De forma explícita, uma aluna descreve sua inquietação em começar o curso: “sou professora normalista, mas nunca lecionei, pois, a vida do interior do Nordeste aterra-me! E pretendo ir para o Sul.” [4] Outra relata: “já estou um pouco na prática de enfermagem. Tomo conta de uma enfermaria de homens, portanto este é um meio de ter um diploma e ajudar meus pais na velhice” .[5] Estudar enfermagem, para essas mulheres, era, então, uma forma de lutar pela autonomia, por seus projetos pessoais. Para elas, ingressar na Escola de Enfermeiras Luiza de Marillac significava dar o primeiro passo em direção à independência, simbolizada pela saída da casa dos pais e da cidade natal e, em um segundo momento, iniciar uma carreira e aliar ganho monetário e status de profissional diplomada.

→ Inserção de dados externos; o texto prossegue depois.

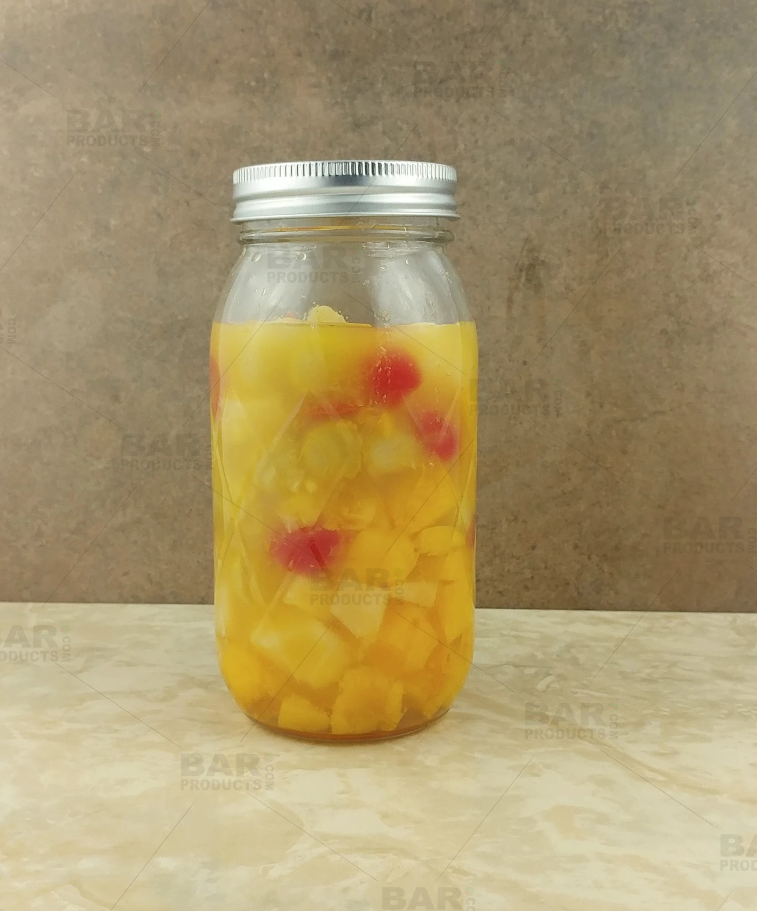 Imagine mixing and serving up your tall cocktails in this trendy diamond cut style Mason Jar. This high quality glassware piece from BarConic® holds up to 24 ounces of liquid and will surely impress your guests at your next gathering. This Mason Jar is ideal for all types of beverage service and garnishing in style. Perfect for ice tea, lemonade and even frothy smoothies and shakes. Great mason jar for mixologists and/or home bars for fermentation and ingredient storage. Lid not included.

As atividades femininas fora do âmbito doméstico se iniciaram muito antes do século XX. No Brasil, as mulheres pobres exerciam inúmeras atividades remuneradas tanto no campo como na cidade. A novidade disseminada em fins do século XIX e XX é a relação entre a escolarização/profissionalização feminina e o ganho monetário, possibilidade aberta também às mulheres das camadas mais populares por meio do magistério e da enfermagem.

As diferentes formas de expressar a motivação para o ingresso no curso de enfermagem são contemporâneas e representam a diversidade de ideias articuladas ao estudo e à profissionalização em enfermagem. Essa abordagem nos permite obter indícios para a reconstrução das experiências concretas dessas mulheres como sujeitos de sua própria história e para a percepção de intercessões entre a enfermagem e os projetos pessoais. O curso de enfermagem é retratado pelas alunas como um caminho de diversas possibilidades pelo qual elas podem negar o “destino” de gênero. Em aproximação com os estudos de Michelle Perrot, podemos enfatizar a centralidade da profissionalização do trabalho social, nesse caso a enfermagem, para que as mulheres comecem a expor seus projetos e interesses pessoais e a serem reconhecidas enquanto agentes no processo da assistência profissional. Portanto, utilizando as categorias produzidas por Michelle Perrot [6], podemos afirmar que o curso de enfermagem foi para as alunas da Escola a oportunidade de “sair fisicamente” ao deixarem a casa dos pais e morarem longe dos estados onde nasceram, e também o “sair moralmente” dos papéis que lhes são atribuídos, passando da submissão para a independência.

Notas

[1] Em duzentas e setenta e nove fichas de admissão, de um total de quatrocentos e oito, a vocação é citada como o principio impulsionador ao estudo da enfermagem.

[2] WEBER, Max. Ciência e política: duas vocações. São Paulo: Cultrix, 1993.

[3] Ao todo 28 mulheres, em um universo de 408.

[4]BARROS, Edineide Galvão. Dossiê das Alunas da Escola de Enfermeiras Luiza de Marillac. Ficha de Inscrição, 1955. Arquivo Histórico da Escola de Enfermeiras Luiza de Marillac.

[5]FERRARI, Solange Benedita. Dossiê das Alunas da Escola de Enfermeiras Luiza de Marillac. Ficha de Inscrição,1952. Arquivo Histórico da Escola de Enfermeiras Luiza de Marillac.

[6] PERROT, Michelle. “Sair”. In: PERROT, Michelle; DUBY, Georges (orgs). História das Mulheres no Ocidente. Lisboa: Edições afrontamentos. 1994, v.4, pp.503-540.

Bibliografia

BALDWIN, Douglas. Discipline, obedience and female support groups: Mona Wilson at the Johns Hopkins Hospital School  of  Nursing, 1915-1918. Bulletin of History of Medicine, Baltimore, v.69, n.4, 1995, pp. 599-619.

NELSON, Sioban. Say Little, Do Much. Nursing, Nuns, and Hospital in the Nineteenth Century. Philadelphia: University of Pennsylvania, 2001.

PERROT, Michelle. “Sair”. In: PERROT, Michelle; DUBY, Georges (orgs). História das Mulheres no Ocidente. Lisboa: Edições afrontamentos. 1994, v.4, pp.503-540.

WEBER, Max. Ciência e política: duas vocações. São Paulo: Cultrix, 1993.